NEW YORK (TheStreet) -- The high yield bond market has stabilized since worries about falling energy prices dragged it down last winter. Richard Lindquist, head of high yield at Morgan Stanley Investment Management, says the good times will continue as long as defaults stay low and the Federal Reserve does not spook the market. 

"At the end of 2014 people didn't know where the bottom was in oil prices, so to some extent a big part of the selloff was justified," says Lindquist. "It really forced people to do research on their energy holdings and find out which companies had good hedges and what type of access to the capital markets they had."
   

Now that the troubled energy companies and their potentially problematic paper have been identified, Lindquist says fund managers and investors have regained confidence in the overall high yield sector. He says he is finding value in the industrial sectors that are still slowly recovering from the 2008 market collapse, as well as some consumer durable names that are growing with the economy. 

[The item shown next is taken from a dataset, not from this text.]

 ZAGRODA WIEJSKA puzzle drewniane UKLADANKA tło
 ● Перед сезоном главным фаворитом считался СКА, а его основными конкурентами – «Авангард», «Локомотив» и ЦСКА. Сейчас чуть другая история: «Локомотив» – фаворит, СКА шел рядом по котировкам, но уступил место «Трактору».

"Our view is that default rates are likely to remain contained and that high yield issuers, just like investment grade counterparts, will be equally supported by the economy," says Lindquist. "We believe that the middle market of the high yield universe, specifically, can potentially provide that sweet spot for investors-a higher yield, less correlation to interest rates and lower volatility than larger issuers."

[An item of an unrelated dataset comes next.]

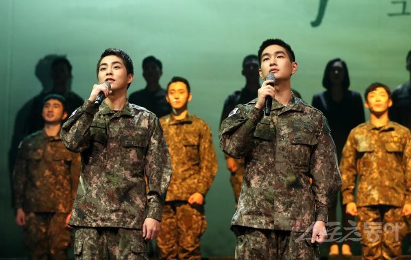 김민석(엑소 시우민)과 이진기(샤이니 온유)가 24일 서울 용산구 한남동 블루스퀘어 아이마켓홀에서 열린 2019 육군 창작 뮤지컬 ‘귀환’ 프레스콜에서 멋진 무대를 펼치고 있다.

Lindquist says supply has not been a problem to date because most of the issuance in the last several years has been used for refinancing. In other words, while the new issue calendar has been sizeable, supply of new high yield bonds has not grown dramatically on a net basis. He adds that the lack of leverage buyout activity, which in the past has signaled the arrival of higher default rates, has also been a positive for the market when it comes to supply.

In Lindquist's view, the biggest risk to the high yield market may be the Federal Reserve and the potential reaction to a highly anticipated rate hike.
 
"If the rate rise is slow and gradual and absorbed fairly well by the markets then I think high yield will not be severely impacted," says Lindquist. "But if people start panicking about the Fed moving too quickly, then you may see a more dramatic selloff."